Use this URL to cite or link to this record in EThOS:
Title: Improving automated literature-based discovery with neural networks : neural biomedical named entity recognition, link prediction and discovery
Author: Crichton, Gamal Kashaka Omari
ISNI:       0000 0004 7968 4424
Awarding Body: University of Cambridge
Current Institution: University of Cambridge
Date of Award: 2019
Availability of Full Text:
Access from EThOS:
Full text unavailable from EThOS. Please try the link below.
Access from Institution:
Literature-based Discovery (LBD) uses information from explicit statements in literature to generate new or unstated knowledge. Automated LBD can thus facilitate hypothesis testing and generation from large collections of publications to support and accelerate scientific research, which is adversely affected by publication explosion and knowledge fragmentation.
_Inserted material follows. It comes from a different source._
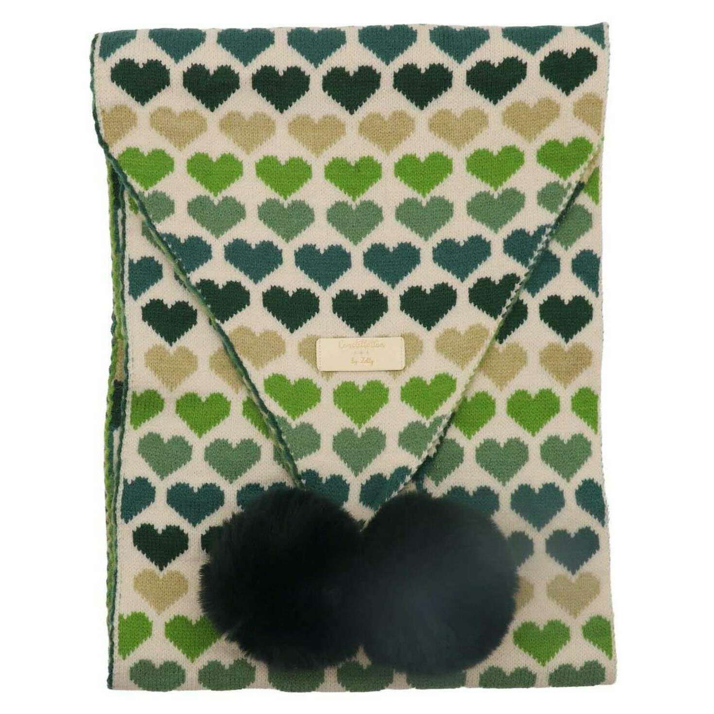 Bufanda Zelly con pompones en forma de corazón - Verde

Existing methods, however, use methodologies which are inadequate for capturing the complex information available in scientific literature and are prone to proposing spurious discoveries or an abundance of low-quality ones. To be capable of solving these problems, automated LBD needs to accurately glean the extensive information present in literature, cope with the dynamic nature of scientific knowledge and place high-quality proposals at the top of ranked outputs. Recent advances in Natural Language Processing (NLP) allow for deep textual analysis to obtain a wide coverage of information present in text and can adapt easily to recognising new biomedical entities and terms. Similarly, recent advances in graph processing have made it possible to do in-depth analysis on information represented as graphs, such as published biomedical connections, to facilitate high-quality knowledge discovery. Both of these advances utilise neural networks extensively. This work used neural networks in a bid to advance automated LBD in three ways: 1) improving biomedical Named Entity Recognition (NER) to extract entities from unstructured text by using multi-task learning across multiple biomedical datasets; 2) improving knowledge discovery from realistic, random- and time-sliced biomedical graphs using link prediction and 3) improving the ranking of published discoveries on open- and closed- LBD instances by scoring the strength of connection paths using neural models. Excitingly, the latter approaches outperformed those used by the state-of-the-art LION LBD system, indicating that their integration into it would provide better support to cancer researchers using it. The results from this work show that it is feasible to use neural networks to improve LBD in different ways. They also demonstrate that neural networks are versatile enough to be applied to improve traditional as well as non-traditional LBD. The principal implication of these findings is that neural biomedical knowledge discovery, especially LBD, is presently useful in addition to being a potentially rich field for further study.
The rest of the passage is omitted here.